# Data block
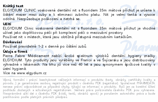 ELGYDIUM CLINIC voskovaná dentální nit s fluoridem 35m mátová příchuť je určena k čištění mezer mezi zuby a k eliminaci zubního plaku. Nit je velmi tenká a vysoce odolná. Nezpůsobuje poškození a netrhá se.
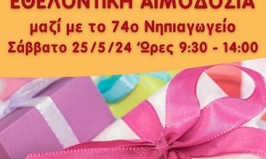 Το Σάββατο 25/05/2024 και θα πραγματοποιηθεί εθελοντική αιμοδοσία στο κέντρο της πόλης του Ηρακλείου και συγκεκριμένα στο αίθριο της Λότζια από τις 9:30 έως τις 14:00. Aυτό το Σάββατο η αιμοδοσία πραγματοποιείται σε συνεργασία με το 74ο Νηπιαγωγείο Ηρακλείου
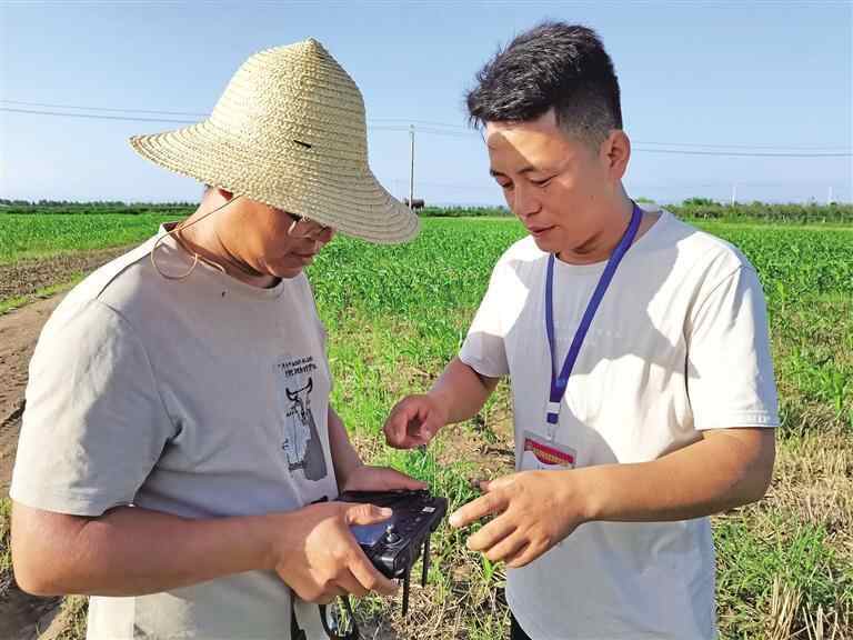 新农人齐昆(右)指导农户使用无人机(资料照片)。 受访者供图

# Exercise aim
Each line of the listing is to be retyped exactly, and its pictures are to be dropped.

# Response for this exercise
 ELGYDIUM CLINIC voskovaná dentální nit s fluoridem 35m mátová příchuť je určena k čištění mezer mezi zuby a k eliminaci zubního plaku. Nit je velmi tenká a vysoce odolná. Nezpůsobuje poškození a netrhá se.
 Το Σάββατο 25/05/2024 και θα πραγματοποιηθεί εθελοντική αιμοδοσία στο κέντρο της πόλης του Ηρακλείου και συγκεκριμένα στο αίθριο της Λότζια από τις 9:30 έως τις 14:00. Aυτό το Σάββατο η αιμοδοσία πραγματοποιείται σε συνεργασία με το 74ο Νηπιαγωγείο Ηρακλείου
 新农人齐昆(右)指导农户使用无人机(资料照片)。 受访者供图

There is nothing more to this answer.